Let's solve the problem step-by-step!
1. **Understanding the problem:** We have two barrels of honey. They both start with the same amount of honey, and we'll call this amount X gallons.
2. **Honey drawn from the barrels:** From the first barrel, we take out 37 gallons, and from the second barrel, we take out 7 gallons. So now we need to see how much honey is left in each barrel:
- In the first barrel, after taking out 37 gallons, the amount left is X - 37.
- In the second barrel, after taking out 7 gallons, the amount left is X - 7.
3. **Setting up our equation:** According to the problem, the amount of honey left in the first barrel (after drawing 37 gallons) is seven times the amount left in the second barrel (after drawing 7 gallons). So, we can write this as:
X - 37 = 7 * (X - 7)
4. **Solving the equation:** Now, we need to solve this equation step-by-step:
- First, we'll distribute the 7 on the right side of the equation:
X - 37 = 7X - 49
- Next, we will move all the terms with X to one side and the constant numbers to the other side.

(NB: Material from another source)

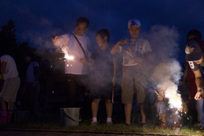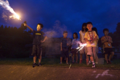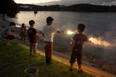 さて、7時になったら、花火へ。歩いて5分ほどの海岸へ行って、みんなで花火大会(^_^) グループリーダーに花火セットを渡して、あとは、ケンカにならないように分けてね。最後は、高校生ボランティアのお兄さんにお願いして、打ち上げ花火をしてもらいました。 1時間ほどの花火が終わると、8時からお風呂タイム。お風呂からでたら、自由時間〜9時半消灯までは走り回ったり、話をしたり、UNOをしたりとそれぞれの時間を過ごしていました。
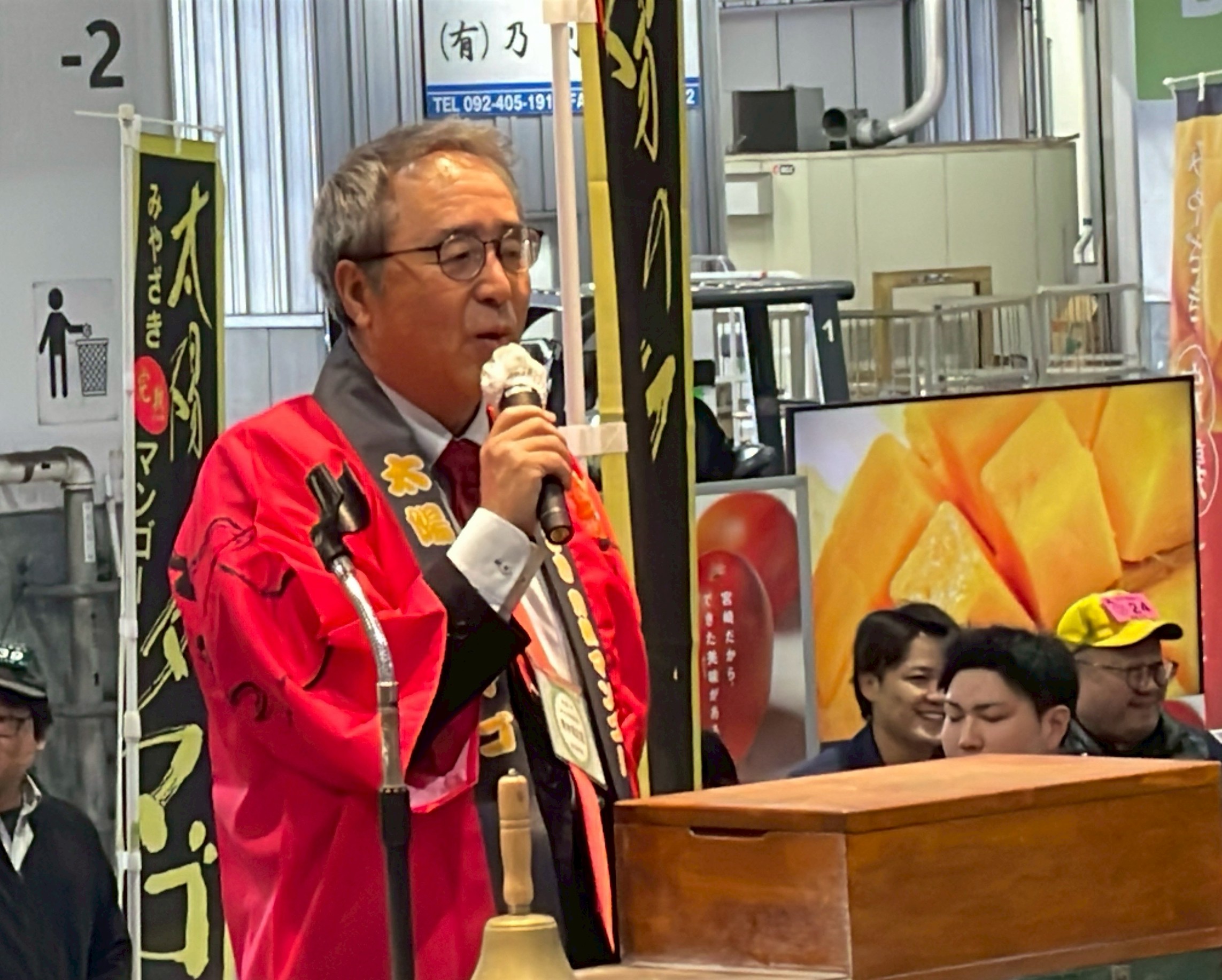 「日頃よりご愛顧いただき、誠にありがとうございます。今年も燦々と輝く宮崎の太陽と生産者の深い愛情をいっぱい浴びた、宮崎の完熟マンゴー『太陽のタマゴ』が解禁いたしました。シーズン最後までよろしくお願いいたします。それでは『太陽のタマゴ』の解禁日を宣言いたします。ありがとうございます!」

We can subtract X from both sides:
-37 = 6X - 49
- Now, let's add 49 to both sides:
12 = 6X
- Finally, divide both sides by 6 to find X:
X = 2
5. **Conclusion:** Each barrel originally contained 2 gallons of honey. To check our work, we can substitute the value of X back into our original situation:
- First barrel after drawing 37 gallons: 2 - 37 = -35. (Oops! That doesn't seem right; let's check again.)
Upon checking again, it seems I made an error in deriving the simple values. What might have actually helped is questioning on how to solve for equal distributions from a total valuation. Let's do a step again, using original quantities rather than defaults.